Page:Banking Under Difficulties- Or Life On The Goldfields Of Victoria, New South Wales And New Zealand (1888).pdf/106

From Wikisource
Jump to navigation Jump to search
This page has been validated.
or, life on the goldfields.
97

New Zealand.

CHAPTER XVII.

The Buller.—The Grey.—Reuben Waite—The Teremakau.—Return to Nelson.—Second Trip to the Grey.—Totara Rush.—Okatika.—Tara, or Sea Swallow.—Fish, Oh!

I had not been in Nelson many days when I was ordered to “Wakamarina,” a new diggings some forty miles distant.
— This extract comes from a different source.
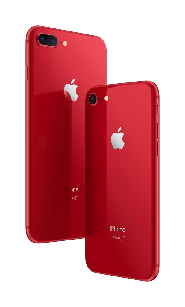 iPhone 8 과 iPhone 8 Plus는 유리소재 마감과 알루미늄 밴드 디자인이 조화를 이룬다. 또 무선 충전 기능과 1,200만 화소 듀얼 카메라는 다양한 조명을 활용하는 인물 사진 모드로 인기를 끌고 있다. 빨간 색상의 아이폰은 작년 3월 출시된 Special Edition과 마찬가지로 수익의 일정 금액이 에이즈 없는(AIDS-Free) 사회를 만드는데 기여하는 글로벌 펀드에 기부된다.

I did the journey on horseback, crossing the Maungatapu Mountain, the scene of the diabolical murders committed by Burgess and party in 1866 (particulars of which are given in another chapter).

On reaching Havelock I found all bustle and excitement. Diggers were flocking in hundreds from Otago and other parts of New Zealand. The diggings were twenty miles from the township, at a place called Deep Creek, but were not sufficiently extensive or remunerative to support a large population, which dwindled down to a mere handful on the discovery of the West Coast goldfields, in the latter part of 1864.
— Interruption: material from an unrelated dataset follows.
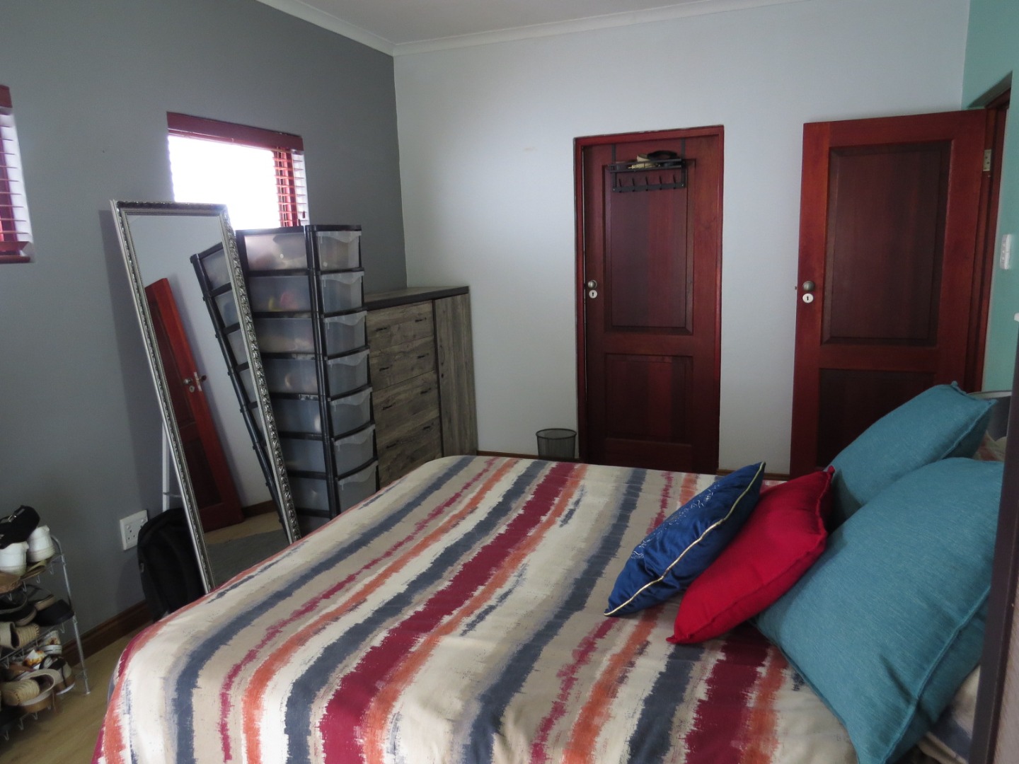 - One bedroom. No built in cupboard; Double door leading to patio and garden;

21st October, 1864.—Gold having been discovered in payable quantities on the west coast of the middle island[1] I was ordered to take a run down by the steamer Nelson, leaving on the above date, to have a look at the place and report upon it. Arrived at the “Buller” on the afternoon of Sunday, the 23rd. A miserable looking place it was; only two buildings, both stores or shanties, kept respectively by Messrs. Martin and Hodges. Found a good many Maories camped about; was amused at seeing a Maori lady wash her baby, a little thing a few months old, which she took down to the river, and dipped several times; the child took it kindly, and although the water was very cold it cried but little; she slung it


  1. Extract from an address delivered 8th October, 1862, being the anniversary of Captain Cook’s first landing in New Zealand, by Julius Haast, President of the Philosophical Institute of Canterbury, New Zealand:—“Hitherto great confusion has prevailed relative to the island, which is called both the Middle and South Island. The appellation Middle Island is a mistake, as the size of Stewart’s Island precludes it from being ranged with the two others. The most eminent geographers of Great Britain and of the continent of Europe—such men as Arrowsmith, Keith Johnston, Petermann, Hochstetter, &c.—call it always the South Island, while in New Zealand, even in official documents, it is called sometimes by the one and sometimes by the other name. In order to avoid further misunderstanding, would it not be appropriate to give this island the name of Cookland? for, so far as I am aware, no country visited by that illustrious navigator has been so designated.”